Re: Add new COPY option REJECT_LIMIT

From: Fujii Masao <masao(dot)fujii(at)oss(dot)nttdata(dot)com>
To: torikoshia <torikoshia(at)oss(dot)nttdata(dot)com>
Cc: pgsql-hackers(at)lists(dot)postgresql(dot)org
Subject: Re: Add new COPY option REJECT_LIMIT
Date: 2024-07-05 03:59:11
Message-ID: 6e3dcdc6-8e18-4716-a23b-3bee316aeaa7@oss.nttdata.com
Views: Raw Message | Whole Thread | Download mbox | Resend email
Thread:
Lists: pgsql-hackers

On 2024/07/04 12:05, torikoshia wrote:
> I'm going to update it after discussing the option format as described below.

Thanks!

> I agree that it's possible to use only REJECT_LIMIT without ON_ERROR.
> I also think it's easy to understand that REJECT_LIMIT=0 is ON_ERROR=stop.
> However, expressing REJECT_LIMIT='infinity' needs some definition like "setting REJECT_LIMIT to -1 means 'infinity'", doesn't it? If so, I think this might not so intuitive.

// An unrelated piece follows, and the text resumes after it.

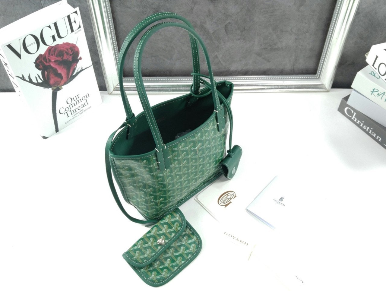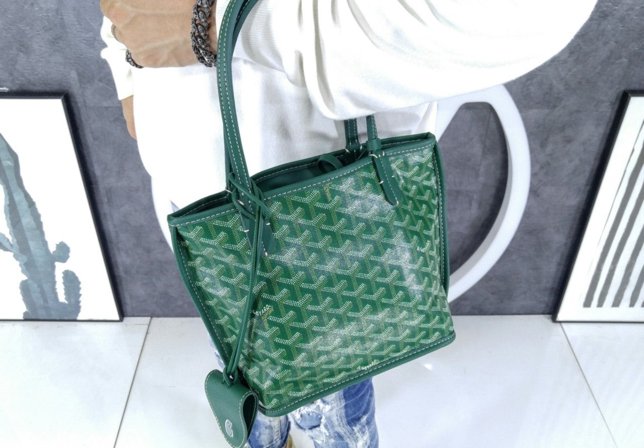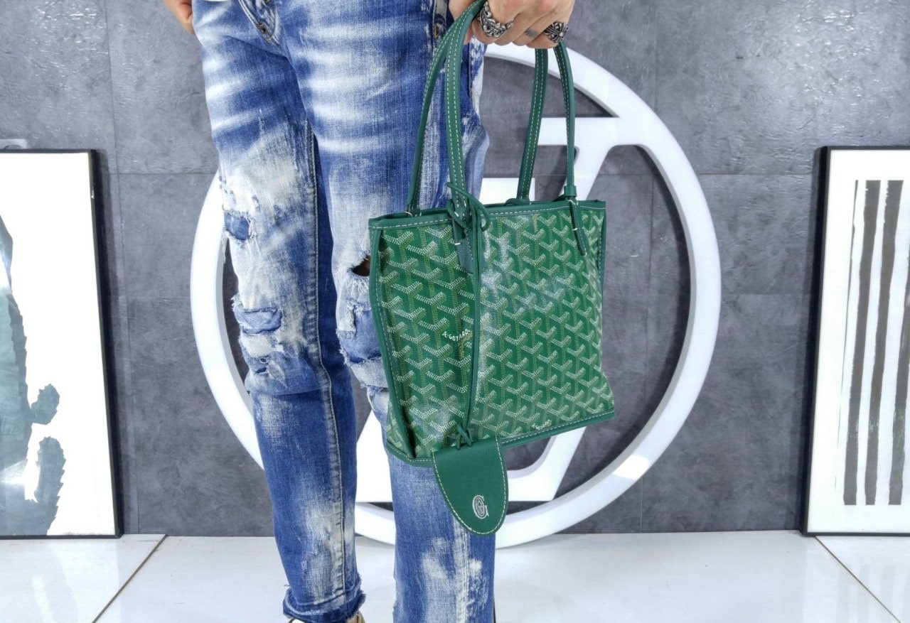 고**를 대표하는 생루이 백에서 영감을 얻어, 고야딘 캔버스 라이닝을 더한 가죽 버전의 백입니다. 두 가지 스타일로 연출할 수 있습니다. 가느다란 핸들이 있어, 손으로 잡고 편안하게 운반할 수 있도록 합니다. 앙주 미니는 미니어쳐 사이즈로 저녁 외출을 위해 사용하거나, 하루 종일 소지품을 휴대하기에도 이상적입니다.

How about allowing REJECT_LIMIT to accept the keywords "infinity", "unlimited",
or "all" in addition to a number? This way, users can specify one of these
keywords instead of -1 to ignore all errors. The server code would then
internally set the REJECT_LIMIT to -1 or another appropriate value when
these keywords are used, but users wouldn't need to worry about this detail.

If we choose "all" as the keyword, renaming the option to IGNORE_ERRORS
might be more intuitive and easier to understand than REJECT_LIMIT.

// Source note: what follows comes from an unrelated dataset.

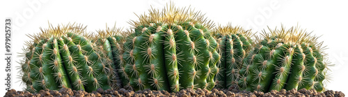 Cluster of Green Cacti with Spines on Transparent Background - Desert Plant for Botanical, Gardening, and Nature Projects

> Also, since it seems Snowflake and Redshift have both options equivalent to REJECT_LIMIT and ON_ERROR, having both of them in PostgreSQL COPY might not be surprising:
> - Snowflake's ON_ERROR accepts "CONTINUE | SKIP_FILE | SKIP_FILE_num | 'SKIP_FILE_num%' | ABORT_STATEMENT"[1]
> - Redshift has MAXERROR and IGNOREALLERRORS options[2]

Ok, so here's a summary of the options and their behaviors:

To ignore all errors and continue to the end:

- Snowflake: ON_ERROR=CONTINUE
- Redshift: IGNOREALLERRORS
- Postgres (with your patch): ON_ERROR=ignore
- Postgres (with my idea): IGNORE_ERRORS=all

To fail as soon as an error is found:

- Snowflake: ON_ERROR=ABORT_STATEMENT (default) / SKIP_FILE
- Redshift: MAXERROR=0 (default)
- Postgres (with your patch): ON_ERROR=stop (default)
- Postgres (with my idea): IGNORE_ERRORS=0 (default)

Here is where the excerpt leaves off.